Question 33179

Let $h$ denote the height of the building. For motion upward until stop, $y = h + v_0 t - \frac{g t^2}{2}$. At the moment of stop, $v = v_0 - g t_2 = 0$, therefore $t_2$ -time of movement until stop at maximum height is $t_2 = \frac{v_0}{g}$. Plugging in this expression into coordinate, obtain $y_2 = h + \frac{v_0^2}{2g}$ - the height at the moment of stop.

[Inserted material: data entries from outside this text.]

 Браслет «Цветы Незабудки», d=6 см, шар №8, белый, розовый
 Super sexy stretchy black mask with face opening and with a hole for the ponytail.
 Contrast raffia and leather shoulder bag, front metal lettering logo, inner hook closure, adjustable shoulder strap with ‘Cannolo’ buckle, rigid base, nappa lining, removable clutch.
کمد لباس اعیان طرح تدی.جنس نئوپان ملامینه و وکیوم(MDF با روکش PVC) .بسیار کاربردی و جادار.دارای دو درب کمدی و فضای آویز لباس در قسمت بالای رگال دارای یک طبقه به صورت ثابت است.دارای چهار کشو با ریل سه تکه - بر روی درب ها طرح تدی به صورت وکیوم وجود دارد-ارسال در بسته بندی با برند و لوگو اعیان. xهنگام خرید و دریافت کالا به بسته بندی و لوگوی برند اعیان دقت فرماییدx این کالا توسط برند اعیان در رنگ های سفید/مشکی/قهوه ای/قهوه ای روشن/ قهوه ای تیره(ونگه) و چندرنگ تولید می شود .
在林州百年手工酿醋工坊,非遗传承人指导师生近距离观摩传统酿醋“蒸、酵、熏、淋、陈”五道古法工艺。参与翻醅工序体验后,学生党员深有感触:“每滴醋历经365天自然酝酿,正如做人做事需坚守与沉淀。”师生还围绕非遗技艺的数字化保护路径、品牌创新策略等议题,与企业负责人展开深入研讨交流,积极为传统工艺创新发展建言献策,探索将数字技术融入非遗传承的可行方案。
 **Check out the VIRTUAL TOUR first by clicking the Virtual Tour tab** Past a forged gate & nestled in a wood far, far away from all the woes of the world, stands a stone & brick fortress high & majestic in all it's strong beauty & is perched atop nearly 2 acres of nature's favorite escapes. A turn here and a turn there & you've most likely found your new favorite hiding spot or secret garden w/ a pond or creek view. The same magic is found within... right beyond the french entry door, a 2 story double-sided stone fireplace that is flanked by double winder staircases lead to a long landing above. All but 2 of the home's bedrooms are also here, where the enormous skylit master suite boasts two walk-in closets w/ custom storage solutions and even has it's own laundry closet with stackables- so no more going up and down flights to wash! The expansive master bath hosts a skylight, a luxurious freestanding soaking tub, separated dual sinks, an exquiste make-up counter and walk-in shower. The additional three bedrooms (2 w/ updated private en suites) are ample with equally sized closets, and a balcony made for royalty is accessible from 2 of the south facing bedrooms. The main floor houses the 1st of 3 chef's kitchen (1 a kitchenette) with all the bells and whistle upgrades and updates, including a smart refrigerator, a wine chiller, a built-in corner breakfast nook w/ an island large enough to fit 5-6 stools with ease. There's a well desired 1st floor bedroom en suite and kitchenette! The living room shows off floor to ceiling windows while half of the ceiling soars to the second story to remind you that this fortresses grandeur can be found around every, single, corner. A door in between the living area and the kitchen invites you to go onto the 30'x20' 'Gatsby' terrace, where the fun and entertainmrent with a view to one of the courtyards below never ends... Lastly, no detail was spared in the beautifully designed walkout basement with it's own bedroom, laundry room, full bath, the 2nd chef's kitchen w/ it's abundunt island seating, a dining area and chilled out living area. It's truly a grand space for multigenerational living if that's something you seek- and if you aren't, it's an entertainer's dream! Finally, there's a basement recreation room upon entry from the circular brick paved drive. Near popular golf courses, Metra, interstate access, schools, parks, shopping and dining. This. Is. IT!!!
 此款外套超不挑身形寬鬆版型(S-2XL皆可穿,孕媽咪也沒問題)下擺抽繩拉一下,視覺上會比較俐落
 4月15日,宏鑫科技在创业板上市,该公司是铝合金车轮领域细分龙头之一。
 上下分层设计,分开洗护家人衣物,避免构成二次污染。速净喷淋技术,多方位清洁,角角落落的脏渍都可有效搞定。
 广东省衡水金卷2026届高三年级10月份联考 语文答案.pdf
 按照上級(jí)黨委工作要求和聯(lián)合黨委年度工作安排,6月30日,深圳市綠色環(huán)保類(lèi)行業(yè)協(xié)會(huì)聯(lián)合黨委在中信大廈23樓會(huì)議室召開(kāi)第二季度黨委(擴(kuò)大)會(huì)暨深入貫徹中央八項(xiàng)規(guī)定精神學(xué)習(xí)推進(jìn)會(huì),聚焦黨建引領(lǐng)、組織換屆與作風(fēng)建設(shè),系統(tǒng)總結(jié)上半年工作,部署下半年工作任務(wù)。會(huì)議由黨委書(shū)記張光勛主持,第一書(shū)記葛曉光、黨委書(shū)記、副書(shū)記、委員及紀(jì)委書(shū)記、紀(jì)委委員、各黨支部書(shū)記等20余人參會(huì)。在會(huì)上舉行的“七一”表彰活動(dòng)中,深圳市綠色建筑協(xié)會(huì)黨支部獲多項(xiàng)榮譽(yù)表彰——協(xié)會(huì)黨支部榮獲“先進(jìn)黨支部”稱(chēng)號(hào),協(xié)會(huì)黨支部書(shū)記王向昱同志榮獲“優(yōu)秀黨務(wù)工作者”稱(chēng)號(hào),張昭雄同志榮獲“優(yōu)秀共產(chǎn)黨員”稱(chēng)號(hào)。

Then, motion down is without acceleration. Hence, $v = g t$, and $y = y_{2} - \frac{g t^{2}}{2}$. When ball reaches the ground ($y = 0$), from here obtain the time of movement from highest point to the ground - $t_{f} = \sqrt{\frac{2y_{2}}{g}} = \sqrt{\frac{2}{g}(h + \frac{v_{0}^{2}}{2g})}$. Thus, velocity at which the ball hits the ground is $v = g t_{f} = \sqrt{2g(h + \frac{v_{0}^{2}}{2g})} = 28.28\frac{m}{s}$.

Total time of the journey is $t = t_2 + t_f = \frac{v_0}{g} + \sqrt{\frac{2}{g}(h + \frac{v_0^2}{2g})} \approx 4.83 \, \text{s}$.